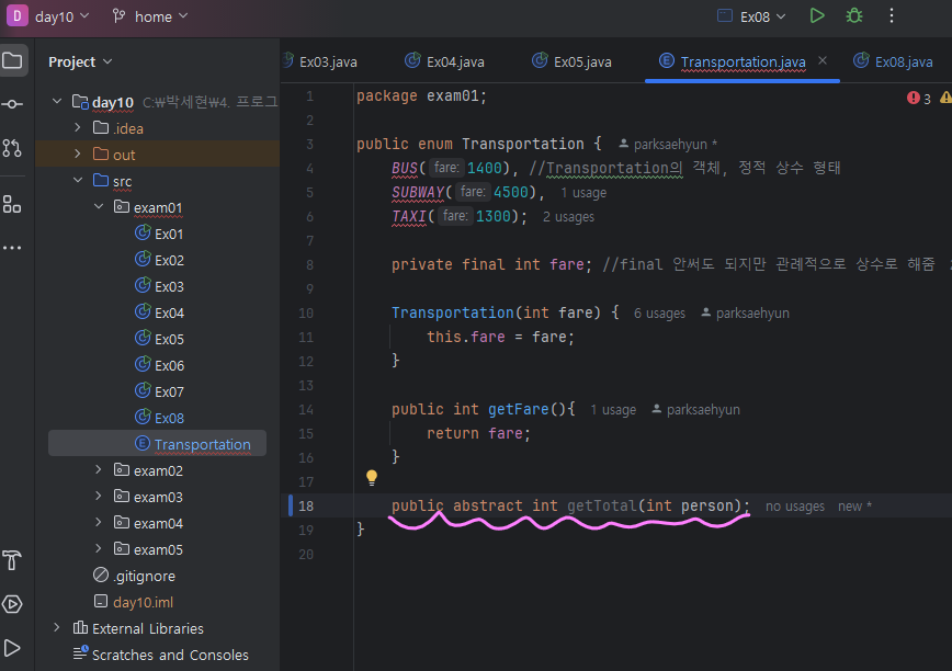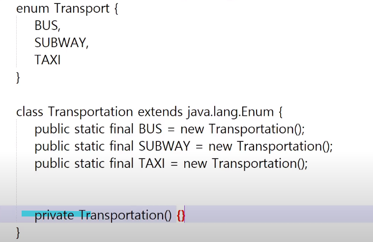 ㄴ 잉? 왜 Transportation클래스(enum클래스)에 기본생성자 함수호출이 안될까 = 왜 Transportation클래스(enum클래스)를 객체로 만들 수 없지?
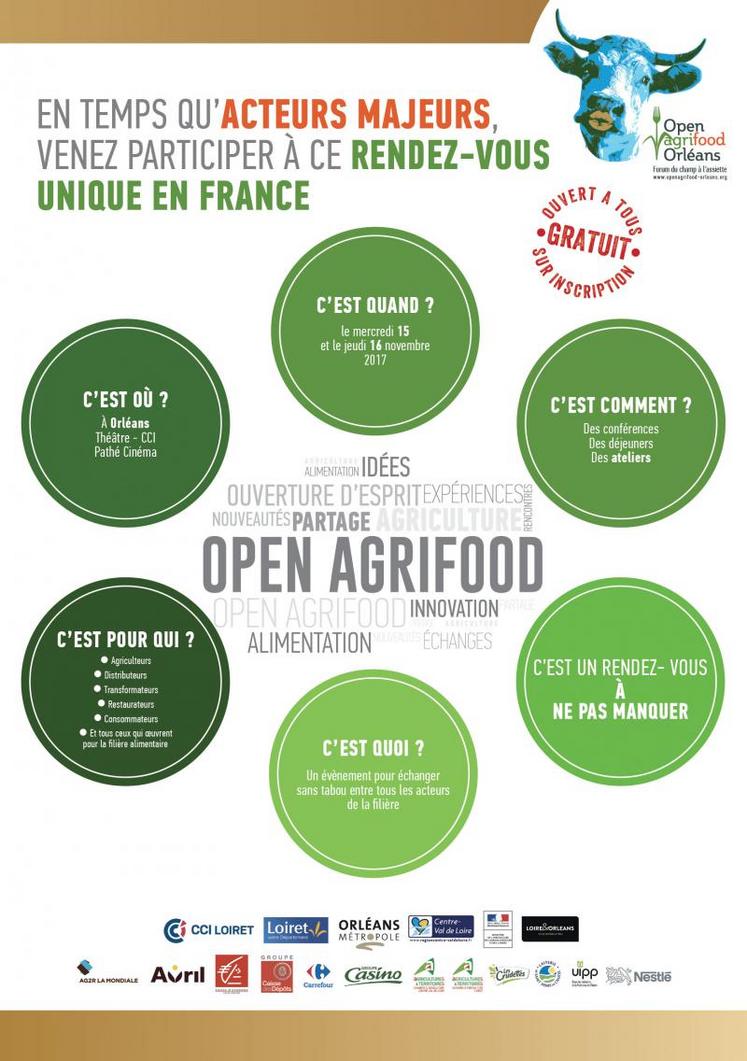 Créé il y a 5 ans par Xavier Beulin et Emmanuel Vasseneix, le forum Open agrifood tiendra son édition 2017 les 15 et 16 novembre prochain à Orléans. Cette année, les acteurs de la filière alimentaire, dont les agriculteurs, se retrouveront autour de la thématique « Alimentation et Valeur ». La Fdsea 45 invite ses adhérents à s’inscrire dès maintenant.
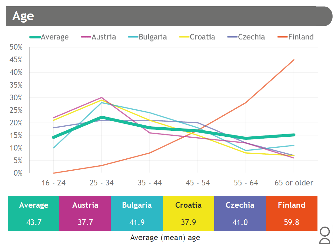 Kansainvälisen näkökulman kautta nähtynä juuri ikä teki suomalaista yleisöstä erityisen kiinnostavan. Muissa tutkimuksessa olevissa maissa tyypillinen kävijä on alle 25-35 -vuotias. Samalla yleisön keski-ikä lähti laskemaan 35 vuoden jälkeen, juuri silloin kun suomalainen yleisö vasta vakiintui ja lisäsi teatterissa käyntiään.

TO DO: Pictures stay out; output the lines from the top of the listing above through the line containing "Créé il y a", exactly as they stand.

RESPONSE:
 ㄴ 잉? 왜 Transportation클래스(enum클래스)에 기본생성자 함수호출이 안될까 = 왜 Transportation클래스(enum클래스)를 객체로 만들 수 없지?
 Créé il y a 5 ans par Xavier Beulin et Emmanuel Vasseneix, le forum Open agrifood tiendra son édition 2017 les 15 et 16 novembre prochain à Orléans. Cette année, les acteurs de la filière alimentaire, dont les agriculteurs, se retrouveront autour de la thématique « Alimentation et Valeur ». La Fdsea 45 invite ses adhérents à s’inscrire dès maintenant.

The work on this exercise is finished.